[Recorded data]
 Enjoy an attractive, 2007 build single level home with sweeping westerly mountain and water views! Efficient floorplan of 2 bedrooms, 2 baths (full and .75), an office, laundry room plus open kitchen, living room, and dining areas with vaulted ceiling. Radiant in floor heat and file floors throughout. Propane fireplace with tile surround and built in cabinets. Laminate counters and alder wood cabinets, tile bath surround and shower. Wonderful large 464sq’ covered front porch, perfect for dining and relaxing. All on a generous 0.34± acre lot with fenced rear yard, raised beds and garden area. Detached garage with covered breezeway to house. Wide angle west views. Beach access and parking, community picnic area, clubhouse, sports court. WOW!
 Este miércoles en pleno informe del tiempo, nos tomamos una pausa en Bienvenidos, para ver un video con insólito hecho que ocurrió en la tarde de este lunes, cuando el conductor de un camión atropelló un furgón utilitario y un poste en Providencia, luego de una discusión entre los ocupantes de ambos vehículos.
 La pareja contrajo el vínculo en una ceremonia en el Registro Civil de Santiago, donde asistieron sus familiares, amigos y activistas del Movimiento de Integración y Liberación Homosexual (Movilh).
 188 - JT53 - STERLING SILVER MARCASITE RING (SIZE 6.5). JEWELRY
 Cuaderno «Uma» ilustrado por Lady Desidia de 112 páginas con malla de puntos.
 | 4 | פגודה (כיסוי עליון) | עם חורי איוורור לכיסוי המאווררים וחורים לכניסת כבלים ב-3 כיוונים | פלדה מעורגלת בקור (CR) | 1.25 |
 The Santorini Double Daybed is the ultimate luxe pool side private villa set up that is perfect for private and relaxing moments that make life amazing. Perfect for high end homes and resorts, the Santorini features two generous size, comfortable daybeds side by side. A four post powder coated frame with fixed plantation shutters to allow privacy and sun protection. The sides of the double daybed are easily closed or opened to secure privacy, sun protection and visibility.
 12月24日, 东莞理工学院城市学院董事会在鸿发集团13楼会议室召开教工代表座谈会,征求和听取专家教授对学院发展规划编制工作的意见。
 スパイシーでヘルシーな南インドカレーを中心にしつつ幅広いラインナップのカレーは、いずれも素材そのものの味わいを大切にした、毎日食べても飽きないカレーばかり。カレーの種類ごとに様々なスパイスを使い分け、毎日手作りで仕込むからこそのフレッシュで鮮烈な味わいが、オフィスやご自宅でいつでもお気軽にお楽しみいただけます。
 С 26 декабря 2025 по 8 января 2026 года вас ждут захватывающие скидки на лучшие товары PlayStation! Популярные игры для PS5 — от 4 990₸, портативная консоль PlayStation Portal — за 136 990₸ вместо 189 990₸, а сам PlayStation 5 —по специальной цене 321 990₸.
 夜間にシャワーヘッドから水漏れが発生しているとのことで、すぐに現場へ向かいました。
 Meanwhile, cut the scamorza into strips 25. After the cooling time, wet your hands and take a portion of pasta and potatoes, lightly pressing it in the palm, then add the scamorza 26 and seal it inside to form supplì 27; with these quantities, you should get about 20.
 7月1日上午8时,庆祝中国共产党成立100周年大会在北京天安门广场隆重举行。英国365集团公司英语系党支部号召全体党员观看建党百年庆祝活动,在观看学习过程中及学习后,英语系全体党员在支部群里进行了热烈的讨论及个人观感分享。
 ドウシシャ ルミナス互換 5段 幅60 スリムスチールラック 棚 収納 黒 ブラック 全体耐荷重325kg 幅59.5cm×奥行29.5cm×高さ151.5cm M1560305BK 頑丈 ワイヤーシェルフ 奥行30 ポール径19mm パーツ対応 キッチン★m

**Required work**
Your response must repeat the entries above exactly, in full.

**Written answer**
 Enjoy an attractive, 2007 build single level home with sweeping westerly mountain and water views! Efficient floorplan of 2 bedrooms, 2 baths (full and .75), an office, laundry room plus open kitchen, living room, and dining areas with vaulted ceiling. Radiant in floor heat and file floors throughout. Propane fireplace with tile surround and built in cabinets. Laminate counters and alder wood cabinets, tile bath surround and shower. Wonderful large 464sq’ covered front porch, perfect for dining and relaxing. All on a generous 0.34± acre lot with fenced rear yard, raised beds and garden area. Detached garage with covered breezeway to house. Wide angle west views. Beach access and parking, community picnic area, clubhouse, sports court. WOW!
 Este miércoles en pleno informe del tiempo, nos tomamos una pausa en Bienvenidos, para ver un video con insólito hecho que ocurrió en la tarde de este lunes, cuando el conductor de un camión atropelló un furgón utilitario y un poste en Providencia, luego de una discusión entre los ocupantes de ambos vehículos.
 La pareja contrajo el vínculo en una ceremonia en el Registro Civil de Santiago, donde asistieron sus familiares, amigos y activistas del Movimiento de Integración y Liberación Homosexual (Movilh).
 188 - JT53 - STERLING SILVER MARCASITE RING (SIZE 6.5). JEWELRY
 Cuaderno «Uma» ilustrado por Lady Desidia de 112 páginas con malla de puntos.
 | 4 | פגודה (כיסוי עליון) | עם חורי איוורור לכיסוי המאווררים וחורים לכניסת כבלים ב-3 כיוונים | פלדה מעורגלת בקור (CR) | 1.25 |
 The Santorini Double Daybed is the ultimate luxe pool side private villa set up that is perfect for private and relaxing moments that make life amazing. Perfect for high end homes and resorts, the Santorini features two generous size, comfortable daybeds side by side. A four post powder coated frame with fixed plantation shutters to allow privacy and sun protection. The sides of the double daybed are easily closed or opened to secure privacy, sun protection and visibility.
 12月24日, 东莞理工学院城市学院董事会在鸿发集团13楼会议室召开教工代表座谈会,征求和听取专家教授对学院发展规划编制工作的意见。
 スパイシーでヘルシーな南インドカレーを中心にしつつ幅広いラインナップのカレーは、いずれも素材そのものの味わいを大切にした、毎日食べても飽きないカレーばかり。カレーの種類ごとに様々なスパイスを使い分け、毎日手作りで仕込むからこそのフレッシュで鮮烈な味わいが、オフィスやご自宅でいつでもお気軽にお楽しみいただけます。
 С 26 декабря 2025 по 8 января 2026 года вас ждут захватывающие скидки на лучшие товары PlayStation! Популярные игры для PS5 — от 4 990₸, портативная консоль PlayStation Portal — за 136 990₸ вместо 189 990₸, а сам PlayStation 5 —по специальной цене 321 990₸.
 夜間にシャワーヘッドから水漏れが発生しているとのことで、すぐに現場へ向かいました。
 Meanwhile, cut the scamorza into strips 25. After the cooling time, wet your hands and take a portion of pasta and potatoes, lightly pressing it in the palm, then add the scamorza 26 and seal it inside to form supplì 27; with these quantities, you should get about 20.
 7月1日上午8时,庆祝中国共产党成立100周年大会在北京天安门广场隆重举行。英国365集团公司英语系党支部号召全体党员观看建党百年庆祝活动,在观看学习过程中及学习后,英语系全体党员在支部群里进行了热烈的讨论及个人观感分享。
 ドウシシャ ルミナス互換 5段 幅60 スリムスチールラック 棚 収納 黒 ブラック 全体耐荷重325kg 幅59.5cm×奥行29.5cm×高さ151.5cm M1560305BK 頑丈 ワイヤーシェルフ 奥行30 ポール径19mm パーツ対応 キッチン★m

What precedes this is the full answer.